Multi-modal Intermediate Feature Interaction AutoEncoder for Overall Survival Prediction of Esophageal Squamous Cell Cancer

• URL: http://arxiv.org/abs/2408.13290v1
• Date: Fri, 23 Aug 2024 09:11:05 GMT
• Title: Multi-modal Intermediate Feature Interaction AutoEncoder for Overall Survival Prediction of Esophageal Squamous Cell Cancer
• Authors: Chengyu Wu, Yatao Zhang, Yaqi Wang, Qifeng Wang, Shuai Wang,
• Abstract summary: We propose a novel autoencoder-based deep learning model to predict the overall survival of the ESCC. Two novel modules were designed for multi-modal prognosis-related feature reinforcement and modeling ability enhancement. Our model can achieve satisfactory results in terms of discriminative ability, risk stratification, and the effectiveness of the proposed modules.
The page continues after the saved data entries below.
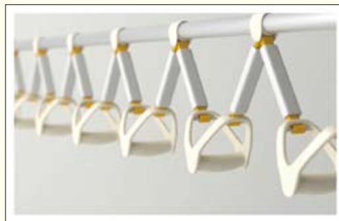
▲ 2012臺北設計獎入圍作品——拉你兩把

業設計獎學生類組銅獎之肯定。而歷屆工設獎得獎作品商機媒合成果已創造約491.6萬餘元營業額，有助活絡設計產業發展及創造設計產業良性競爭環境。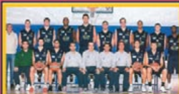
I giocatori dell' UPEA ORLANDINA BASKET di Serie A1 hanno contribuito nella campagna per la donazione del midollo osseo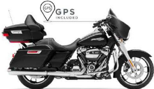
STREET GLIDE TOURING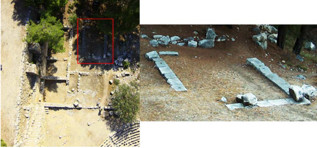
b.-c. Tiyatro Tapınağı (Kazı Arşivi)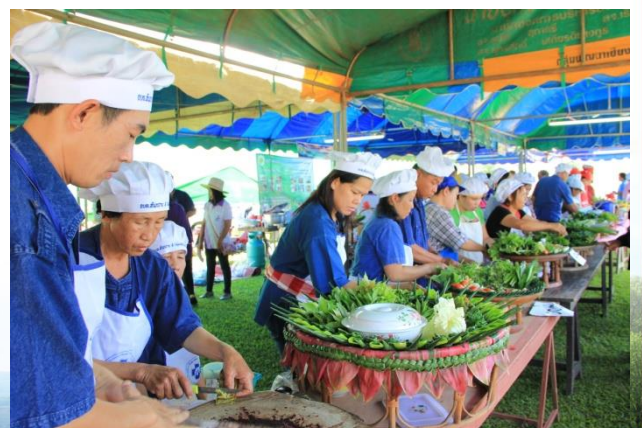
งานวันเกษตรกรตำบลสนทราย

รายงานผลการปฏิบัติงานประจำปี ๒๕๕๕ อบต.สนทราย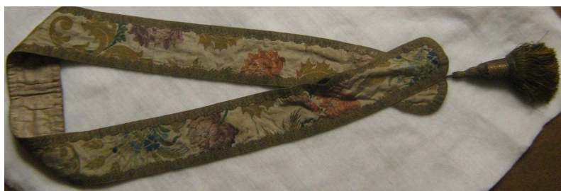
OBR 41 D - ŠERPA

• Score: 8.183502190604687
• License: http://creativecommons.org/licenses/by-sa/4.0/
• Abstract: Survival prediction for esophageal squamous cell cancer (ESCC) is crucial for doctors to assess a patient's condition and tailor treatment plans. The application and development of multi-modal deep learning in this field have attracted attention in recent years. However, the prognostically relevant features between cross-modalities have not been further explored in previous studies, which could hinder the performance of the model. Furthermore, the inherent semantic gap between different modal feature representations is also ignored. In this work, we propose a novel autoencoder-based deep learning model to predict the overall survival of the ESCC. Two novel modules were designed for multi-modal prognosis-related feature reinforcement and modeling ability enhancement. In addition, a novel joint loss was proposed to make the multi-modal feature representations more aligned. Comparison and ablation experiments demonstrated that our model can achieve satisfactory results in terms of discriminative ability, risk stratification, and the effectiveness of the proposed modules.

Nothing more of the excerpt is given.